What this task involves -
Hand back all records exactly, pictures omitted.

Data extracted from a collection
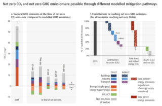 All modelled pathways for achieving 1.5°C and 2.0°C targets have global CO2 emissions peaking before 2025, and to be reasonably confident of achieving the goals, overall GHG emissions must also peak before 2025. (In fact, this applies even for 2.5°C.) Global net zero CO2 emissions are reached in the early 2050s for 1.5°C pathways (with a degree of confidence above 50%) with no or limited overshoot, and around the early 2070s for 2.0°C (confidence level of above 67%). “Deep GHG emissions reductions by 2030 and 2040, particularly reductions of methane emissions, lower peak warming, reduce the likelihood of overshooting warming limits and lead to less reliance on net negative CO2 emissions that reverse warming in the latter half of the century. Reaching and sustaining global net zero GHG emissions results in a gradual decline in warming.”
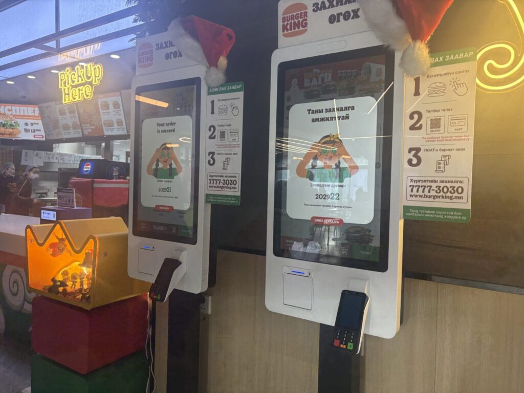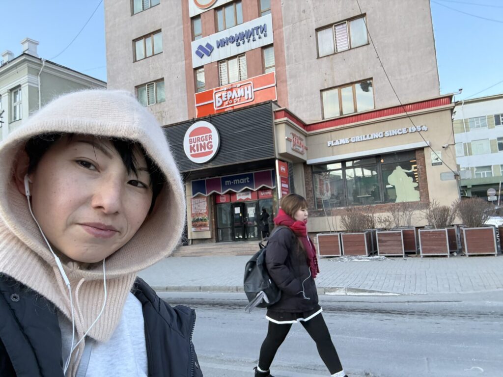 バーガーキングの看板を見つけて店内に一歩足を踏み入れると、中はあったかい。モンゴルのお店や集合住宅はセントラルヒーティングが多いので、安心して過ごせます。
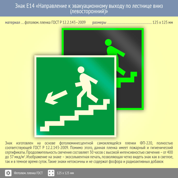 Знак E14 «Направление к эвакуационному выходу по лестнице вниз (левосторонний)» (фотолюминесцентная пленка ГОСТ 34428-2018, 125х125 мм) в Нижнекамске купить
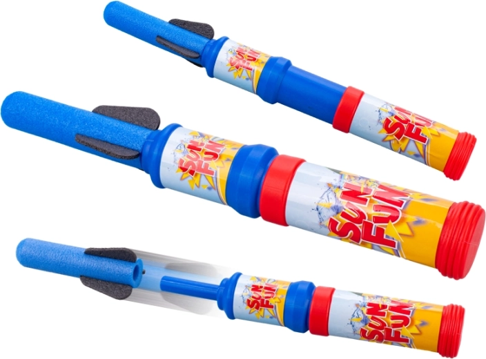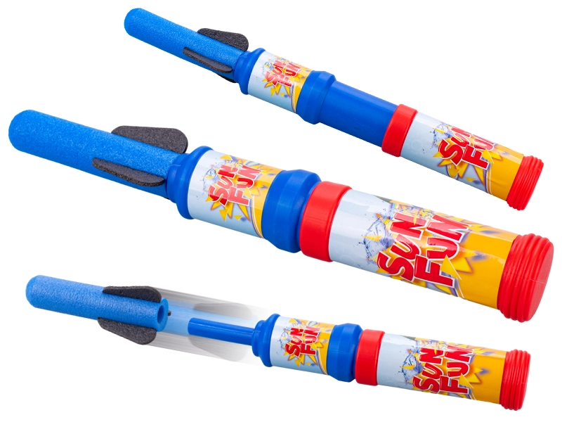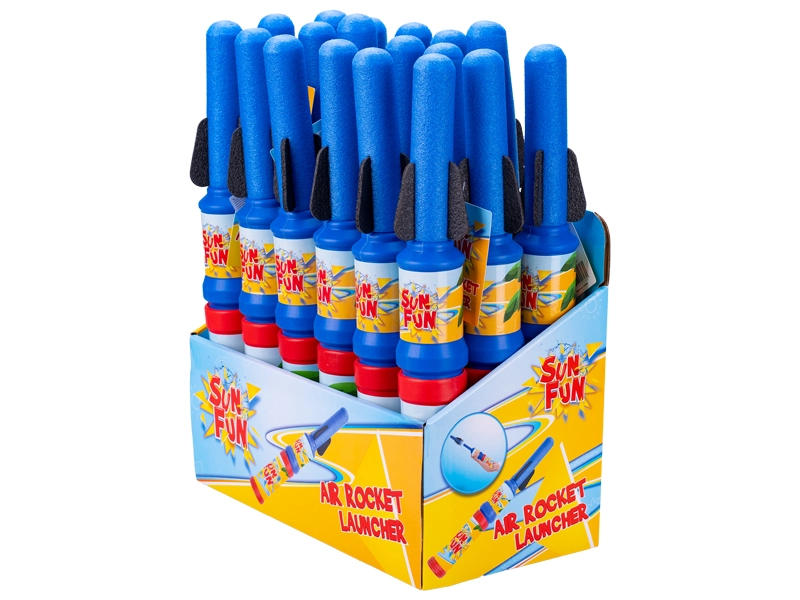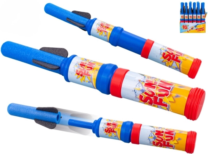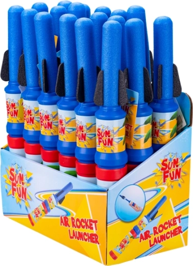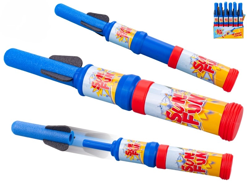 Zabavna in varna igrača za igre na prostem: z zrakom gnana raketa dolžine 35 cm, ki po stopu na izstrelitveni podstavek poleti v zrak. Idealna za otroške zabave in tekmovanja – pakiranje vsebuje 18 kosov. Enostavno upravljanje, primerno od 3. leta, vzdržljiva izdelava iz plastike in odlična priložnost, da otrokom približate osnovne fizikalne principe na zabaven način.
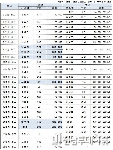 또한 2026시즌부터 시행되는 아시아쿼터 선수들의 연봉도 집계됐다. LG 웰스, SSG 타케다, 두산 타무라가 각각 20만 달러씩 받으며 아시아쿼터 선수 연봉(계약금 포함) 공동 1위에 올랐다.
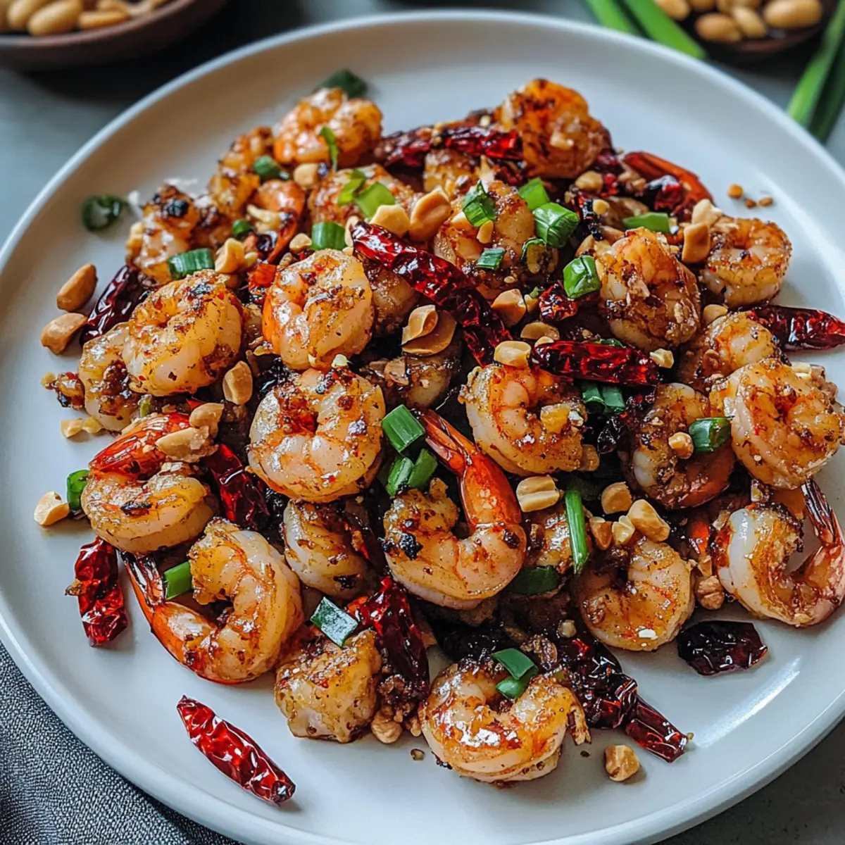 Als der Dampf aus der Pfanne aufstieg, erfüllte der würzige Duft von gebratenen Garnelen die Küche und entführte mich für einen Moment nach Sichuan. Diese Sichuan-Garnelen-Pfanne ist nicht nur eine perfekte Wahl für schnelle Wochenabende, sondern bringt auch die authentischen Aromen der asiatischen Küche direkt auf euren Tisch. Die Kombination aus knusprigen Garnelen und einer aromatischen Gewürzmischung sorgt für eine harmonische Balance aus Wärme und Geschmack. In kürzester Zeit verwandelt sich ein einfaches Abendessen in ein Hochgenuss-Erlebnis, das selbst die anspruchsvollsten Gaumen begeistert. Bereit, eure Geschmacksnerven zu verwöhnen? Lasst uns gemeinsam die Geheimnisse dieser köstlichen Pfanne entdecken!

Written response -
 All modelled pathways for achieving 1.5°C and 2.0°C targets have global CO2 emissions peaking before 2025, and to be reasonably confident of achieving the goals, overall GHG emissions must also peak before 2025. (In fact, this applies even for 2.5°C.) Global net zero CO2 emissions are reached in the early 2050s for 1.5°C pathways (with a degree of confidence above 50%) with no or limited overshoot, and around the early 2070s for 2.0°C (confidence level of above 67%). “Deep GHG emissions reductions by 2030 and 2040, particularly reductions of methane emissions, lower peak warming, reduce the likelihood of overshooting warming limits and lead to less reliance on net negative CO2 emissions that reverse warming in the latter half of the century. Reaching and sustaining global net zero GHG emissions results in a gradual decline in warming.”
 バーガーキングの看板を見つけて店内に一歩足を踏み入れると、中はあったかい。モンゴルのお店や集合住宅はセントラルヒーティングが多いので、安心して過ごせます。
 Знак E14 «Направление к эвакуационному выходу по лестнице вниз (левосторонний)» (фотолюминесцентная пленка ГОСТ 34428-2018, 125х125 мм) в Нижнекамске купить
 Zabavna in varna igrača za igre na prostem: z zrakom gnana raketa dolžine 35 cm, ki po stopu na izstrelitveni podstavek poleti v zrak. Idealna za otroške zabave in tekmovanja – pakiranje vsebuje 18 kosov. Enostavno upravljanje, primerno od 3. leta, vzdržljiva izdelava iz plastike in odlična priložnost, da otrokom približate osnovne fizikalne principe na zabaven način.
 또한 2026시즌부터 시행되는 아시아쿼터 선수들의 연봉도 집계됐다. LG 웰스, SSG 타케다, 두산 타무라가 각각 20만 달러씩 받으며 아시아쿼터 선수 연봉(계약금 포함) 공동 1위에 올랐다.
 Als der Dampf aus der Pfanne aufstieg, erfüllte der würzige Duft von gebratenen Garnelen die Küche und entführte mich für einen Moment nach Sichuan. Diese Sichuan-Garnelen-Pfanne ist nicht nur eine perfekte Wahl für schnelle Wochenabende, sondern bringt auch die authentischen Aromen der asiatischen Küche direkt auf euren Tisch. Die Kombination aus knusprigen Garnelen und einer aromatischen Gewürzmischung sorgt für eine harmonische Balance aus Wärme und Geschmack. In kürzester Zeit verwandelt sich ein einfaches Abendessen in ein Hochgenuss-Erlebnis, das selbst die anspruchsvollsten Gaumen begeistert. Bereit, eure Geschmacksnerven zu verwöhnen? Lasst uns gemeinsam die Geheimnisse dieser köstlichen Pfanne entdecken!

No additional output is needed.